Saturday, February 04, 2006

thanksgiving for fri(3/2)

thanksgiving:
- able to spend time with ash in the evening
- mom for driving me down to nus
- for not falling asleep during the meeting with the professor
- an enjoyable lunch break
- service tomorrow!

i feel like its hard to keep a friend,
and i wonder how true is the saying that
'to gain a friend, one must first be one'?
how is a friend a friend,
when s/he is torn between friends?
how is a friend a friend,
when s/he puts her needs above your own?
how is a friend a friend,
when s/he doesn't understand a thing about you?

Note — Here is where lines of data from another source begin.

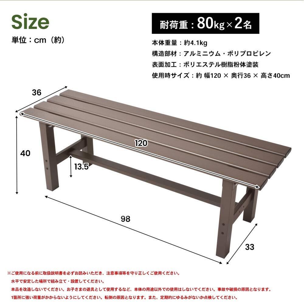 【仕様】<br>●使用時寸法(約):幅1200×奥行360×高さ400(mm)<br>●座面の高さ(約):400mm<br>●耐荷重:80kg×2名<br>※耐荷重は測定値であり、値ではありません。<br>●構造部材:アルミニウム・ポリプロピレン<br>●表面加工:ポリエステル樹脂粉体塗装
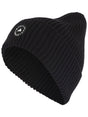 black/white cotton ribbed knit logo patch to the front turn-up brim pull-on style Cotton blend beanie
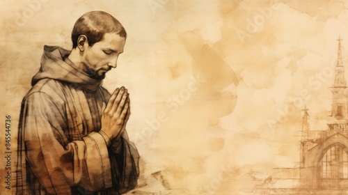 © T Studio, Fototapeta premium The painting of St. Cajetan in Prayer in 16th-Century Italian Church, Beige Background, Copyspace,Christian banner
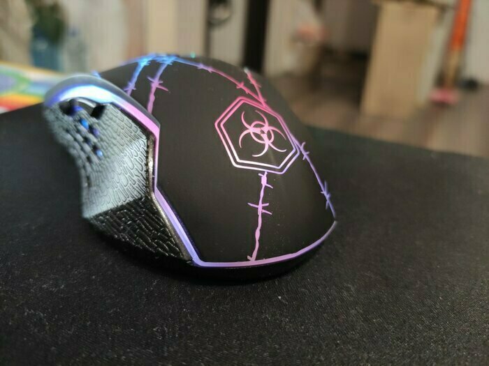 1. Удобная и для игр и для офисной работы 2. Комфортная по размеру 3. Комфортная на ощупь 4. Нормальная подсветка, глаз не режет 5. Есть коврик в комплекте
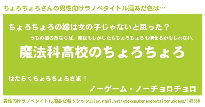 | 女子向けラノベタイトル風あだ名 | 『ちょろちょろなんてお断りですっ。』 |
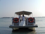 A group of Florida Ornithological Society members are on a boat in open water near Shell Key Preserve in Tierra Verde, Pinellas County, Florida. The photograph was taken during a field trip on April 27, 2002, during the Florida Ornithological Society’s 30th anniversary meeting.
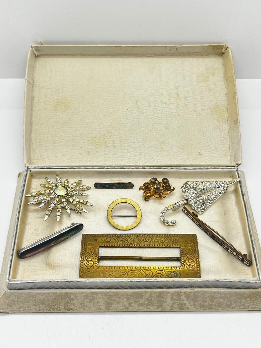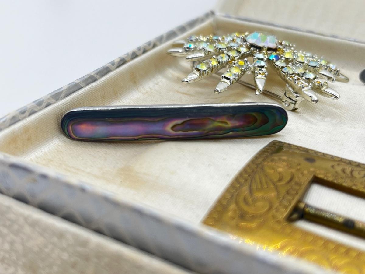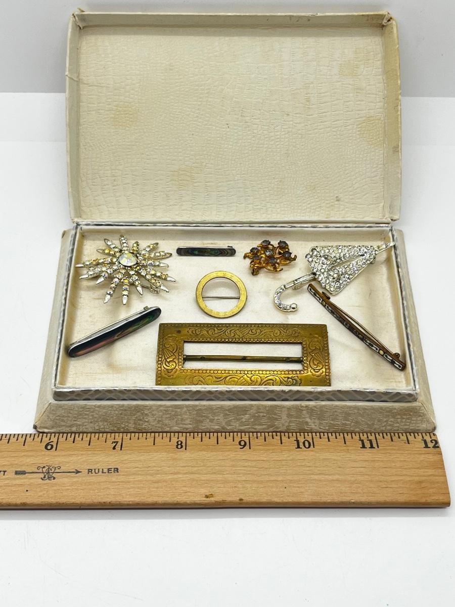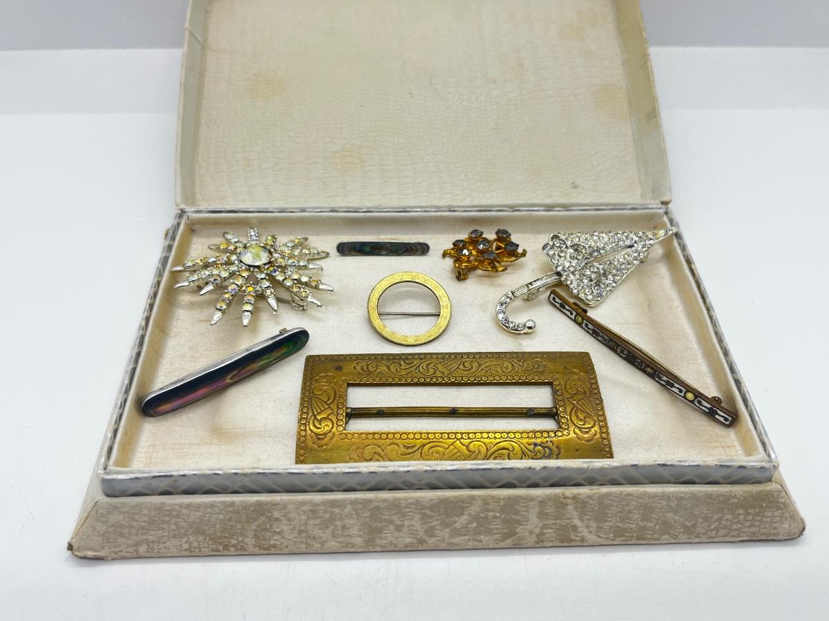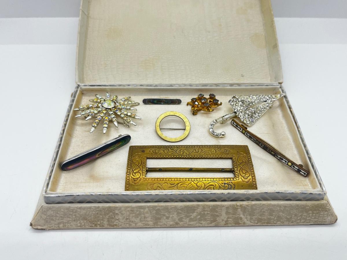 LOT 205J: Antique Brass Buckle, Sterling and Abalone Bar Pin, Enamel and Brass Bar Pin and More!
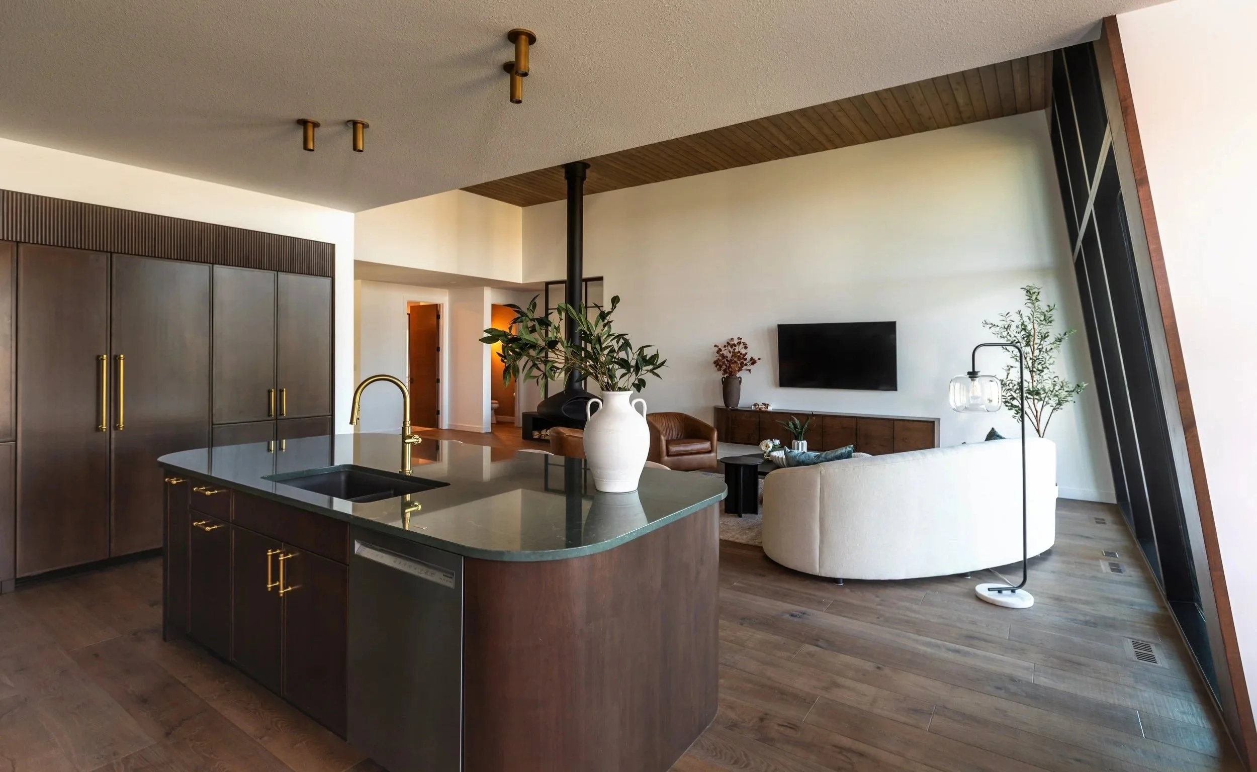 Bold finish selections and integrated curves allow this modern show-home to be a nod to the beloved era of mid-century modern design.
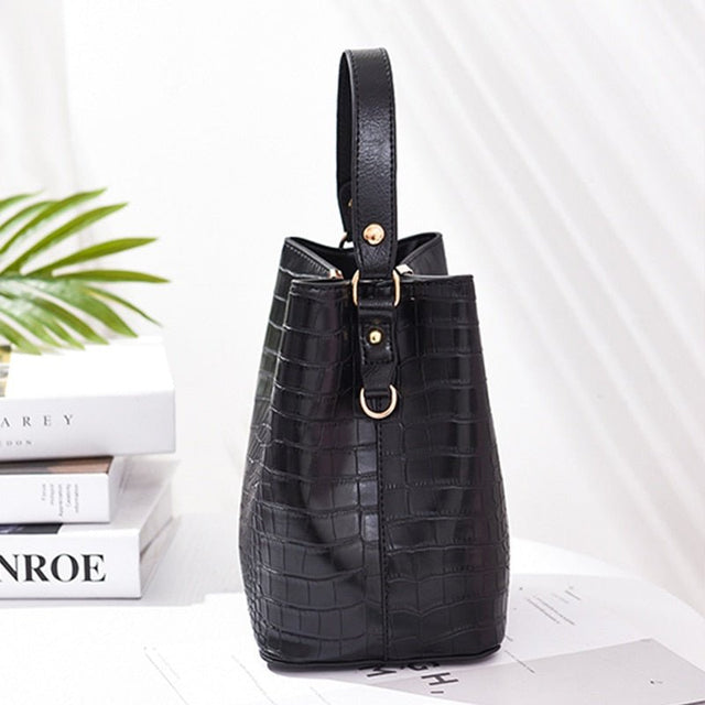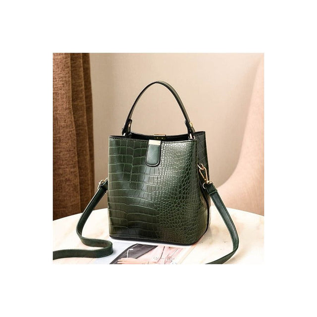 The Serpatura Chromura Tote is crafted from durable PU material with a bucket shape and features a secure hasp closure, complemented by a polyester lining for added durability.
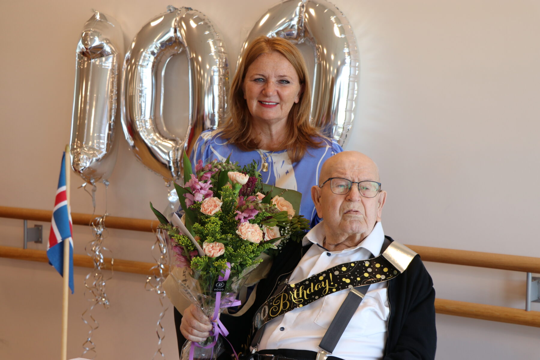 Gaflarinn Gunnar Már Torfason fagnar 100 ára afmæli í dag. Gunnar, eða Gunni Mössu eins og hann er jafnan kallaður, fæddist í Hafnarfirði 24. júní 1924. Hann býr í dag í góðu yfirlæti á Hvaleyri á Sólvangi þangað sem hann flutti 97 ára að aldri. Gunnar fagnar tvöfalt í dag, bauð í kaffi og köku á Sólvangi fyrri hluta dags fyrir íbúa og gesti og heldur aðra veislu fyrir fjölskyldu og vini. Forseti Íslands, Guðni Th. Jóhannesson fagnar einnig afmæli í dag og munu þeir félagar hittast síðdegis og fagna saman. Rósa Guðbjartsdóttir bæjarstjóri kíkti í afmæliskaffi á Sólvang og færði Gunnari Má blómvönd og súkkulaði með fallegum kveðjum frá bænum. Hjartanlega til hamingju með daginn báðir tveir!
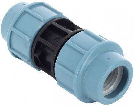 Муфта компресійна ПНД 32×32 мм – прямий з'єднувальний фітинг для двох частин ПНД труби 32 мм.
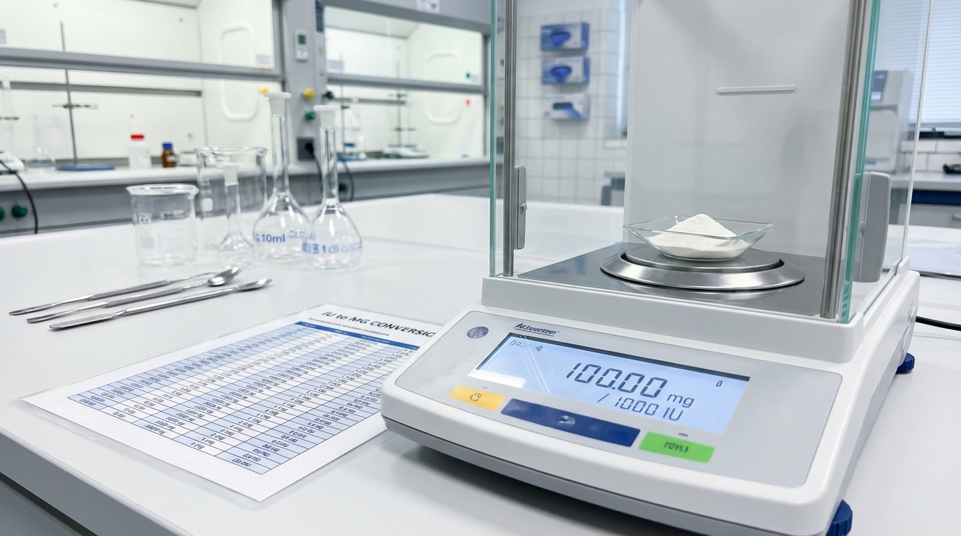 Laboratory precision scale measuring supplement powder with IU to mg conversion reference
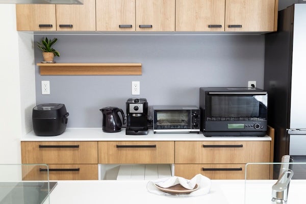 電鍋、果汁機、烤箱…等小家電雖體積不大,但若長期擺放在流理檯上會壓縮操作空間。收納時將果汁機、調理機…等不常用的小家電收納於櫥櫃內,氣炸鍋、電子鍋、烤箱…等常用家電則可擺放於檯面上或電器櫃的開放層架,確保方便取用且不影響其他作業。

is not friendship based on mutual trust,
on mutual respect, on a love for one another that despite that stupid and silly things each other may do, forgiveness is always the next step to take?

you are now my friend.
not my close friend anymore,
because i feel that i cannot trust you anymore
because you do not trust me.

i fear that i may be too opinionated at times.
there's so many things that i want to tell to people,
but i fear how they would react to it.
will they be hurt, and the friendship torn apart by words that are too harsh to be heard?
or will they instead deny, and justify?
what would i do?

granted,
i know myself well,
but i have my blind spots too.
i was approached by xh & joyce about my distance from the cg,
granted, i knew about it,
and its on the mend.
but what about things out of my own personal control?
do i keep my silence,
and not say things that i feel another should know,
or do i say it out,
and possibly ruin the last link between a close friend and myself?

god,
i am unwise in your eyes,
yet i yearn to be wise.
i don't do good all the time,
nor do i mean it all the time when i say my grace
and at times it becomes a habit more than a prayer.
i am weak in my human flesh,
and what i say does not all come to pass,
though i wish it to be so.
so god,
what do i do with the self i have been given?
the existence that i live?
do i do what my mind tells me to do,
or what my heart cautions me against?

i may so foolishly say that i'm self-aware,
but perhaps
i'm more confused than i had thought.